AEs that led to dose interruptions were higher in the combination arm, occurring in 54% of patients versus 24% of those in the bevacizumab arm; reductions were also higher with the combination compared with bevacizumab alone, at 41% versus 7%. Discontinuations that were due to AEs occurred in 20% of those on the combination versus 6% of those on bevacizumab alone.
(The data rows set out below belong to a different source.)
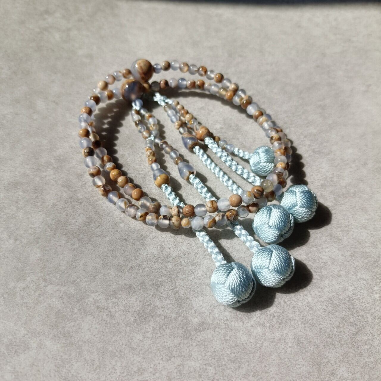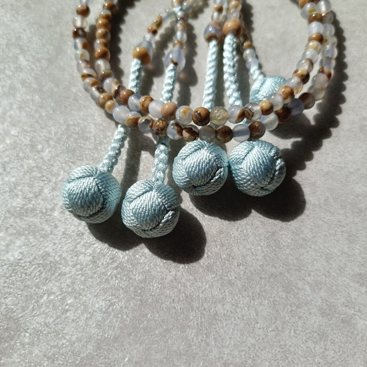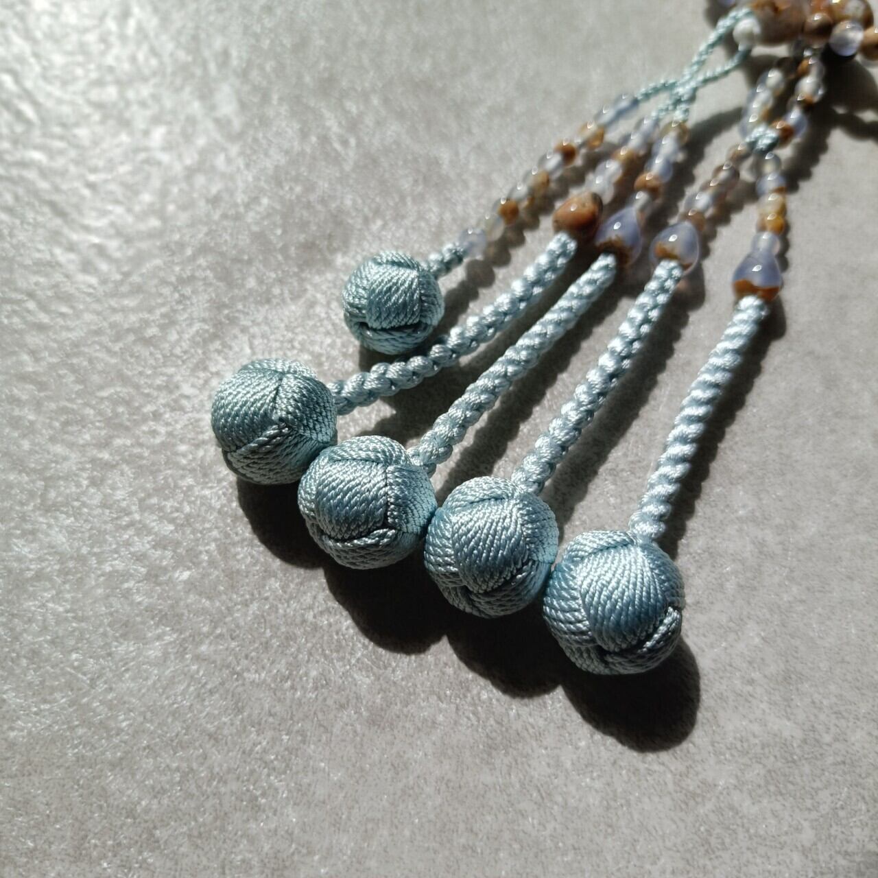 房の色は藍白で正絹独特の上品な艶がアース瑪瑙を一層際立たせてくれます。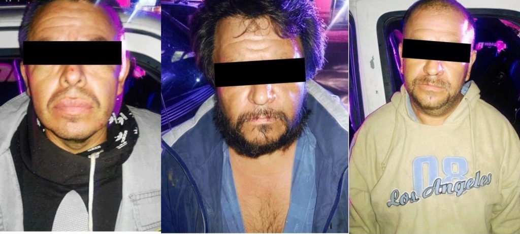 Esto derivo en la detención de los tres individuos que tripulaban la camioneta, todos vecinos del municipio de Huasca de Ocampo, identificados como M.C.M., M.A.C.M. y J.F.P., de 45, 34 y 22 años de edad, respectivamente. Quedaron a disposición del Ministerio Público del fuero común.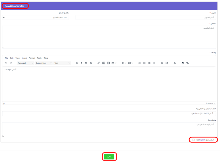 o الوصف: إذا كانت اللغات المتعددة ممكّنة، يمكنك النقر على “استنساخ للغة العربية ” لنسخ المحتوى من القسم الإنجليزي أو إدخال الترجمات يدويًا للعنوان، الملخص، الوصف، الكلمات المفتاحية الوصفية، والوصف التعريفي باللغة العربية. - إرسال :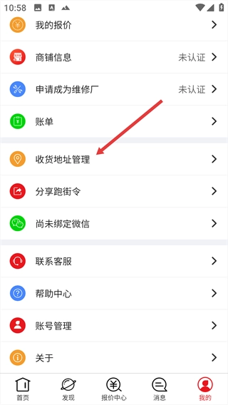 在个人中心页面,点击【收货地址管理】选项。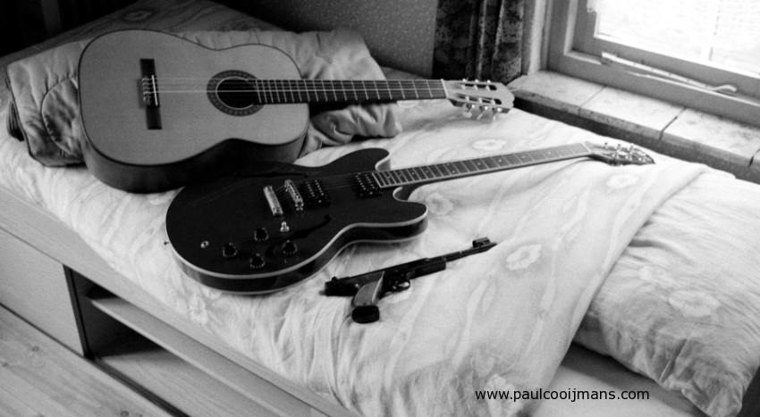 Hanika 10-A classical guitar and Gibson ES 335 DOT Cherry lying on bed with attribute for keeping order
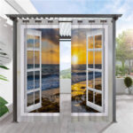 Modern 3D Scenery Outdoor Curtains Sea View from the Window Grommet Top Cabana Curtain Waterproof Sun-proof Heat-insulating Polyester 2 Panels $66.50 – $110.58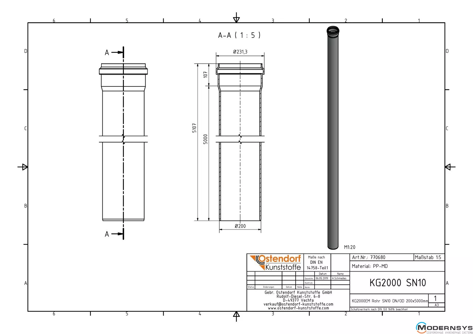 Технические характеристики: Труба канализационная Ostendorf (Остендорф) KG2000EM 200х5000 мм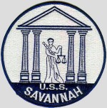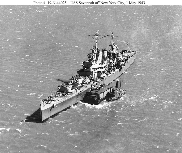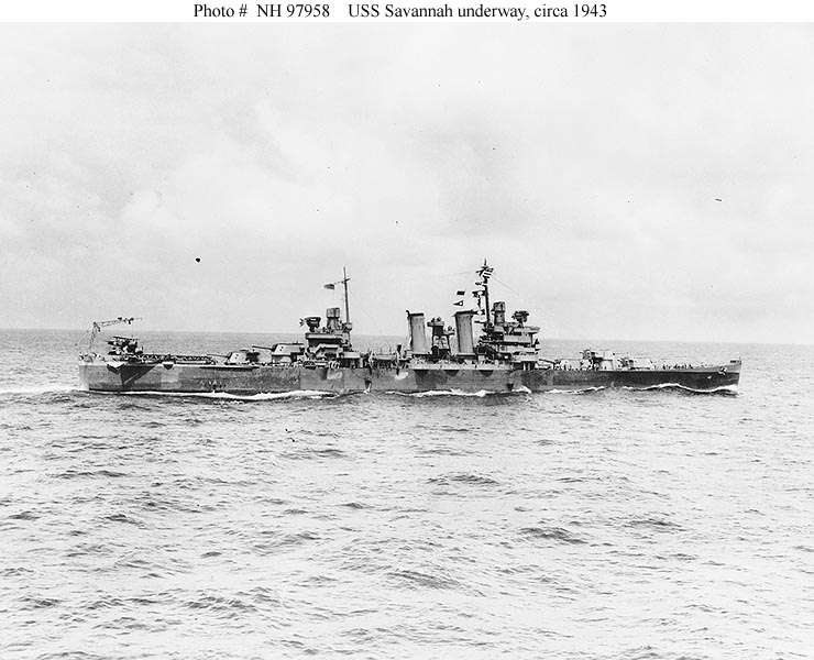 USS Savannah (CL 42) Steaming at sea, circa early 1943. This photograph has been retouched by the wartime censor to remove radar antennas atop her masts and main battery gun directors. However, the radar antennas mounted on her secondary battery gun directors remain visible. Official U.S. Navy Photograph, from the collections of the Naval Historical Center - NH 97958. |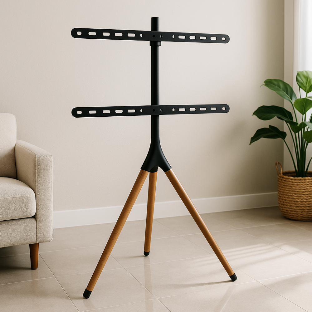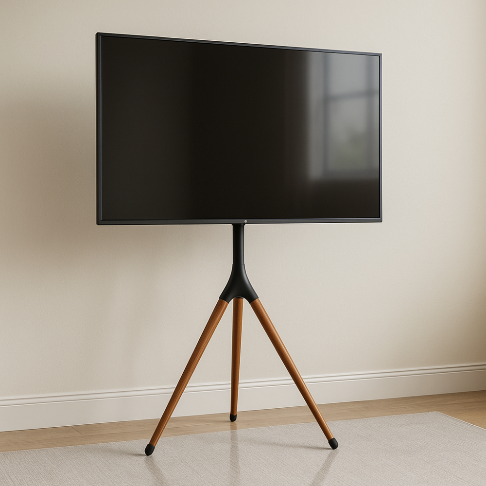 Built for everyday family use, this freestanding easel stand moves easily between rooms and keeps cables out of sight, so movie nights, gaming sessions, and video calls feel neat and intentional. The warm beech legs blend with Scandinavian, contemporary, or classic décor, while the slim black column frames the screen like a gallery piece. Whether it’s the living room, a studio corner, or a pop-up presentation, you get stable support, flexible angles, and a premium look—without putting a single hole in the wall.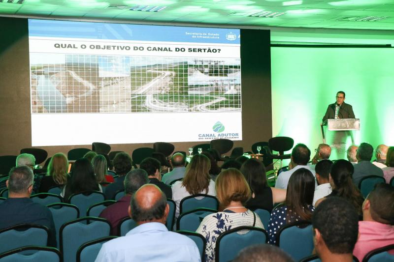 Durante a apresentação, Barros fez um panorama geral do projeto, detalhando como a obra é dividida e de que maneira funciona. Ele também destacou os benefícios que a obra traz para os 46 municípios alagoanos atendidos, enfatizando que os custos são superados em mais de R$31 milhões pelos benefícios trazidos pelo projeto. As obras do Canal Adutor do Sertão são de responsabilidade da Seinfra e são executadas com recursos federais, com destinação principalmente para a irrigação, facilitando a vida do pequeno agricultor e garantindo a sobrevivência de milhares de famílias alagoanas.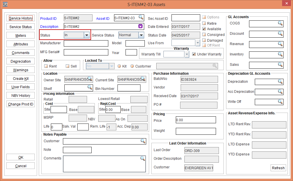 Click the Save button and the Close button. The Asset [S-ITEM#2-03] Status is modified to In.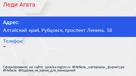 Леди Агата по адресу Алтайский край, Рубцовск, проспект Ленина, 58 в дальнейшем Организация, размещена в следующих категориях:

You can see that there is a difference.
The most common toxicities were the usual PARP inhibition—related AEs, such as fatigue, nausea, hypertension, and anemia. In terms of grade 3 [events], the [most common were] hypertension and anemia. [Those events were] highest in the combination arm. However, interestingly, the grade 3 hypertension was actually lower [in the combination arm]. You would think this was a bevacizumab effect, but grade 3 hypertension was 19% in the combination arm and yet was 30% in the group that had just bevacizumab alone. Is there a protective effect? Nobody really knows but it was very interesting to see those data in terms of the grade 3 hypertension.
What are the clinical implications of this approval?
In this country, we see that 45% to 50% of patients receive bevacizumab; that’s on average. Some people use bevacizumab in 90% of their patients, while others use it in less than 10% of their patients. Nonetheless, if we look at all the patients, a little under half currently receive bevacizumab. When a patient comes into the office, the first thing you have to do is decide when you're going to perform the surgery or whether you're going to start them with neoadjuvant chemotherapy and then do an interval cytoreduction.
Then, right with that, especially if you're doing neoadjuvant chemotherapy, you need to make that decision as to whether you're going to add bevacizumab. Then, when you get to the end of chemotherapy, you're making that decision for maintenance. I think it's wonderful that we now have the ability to be able to add the PARP inhibitor in the maintenance portion of the bevacizumab.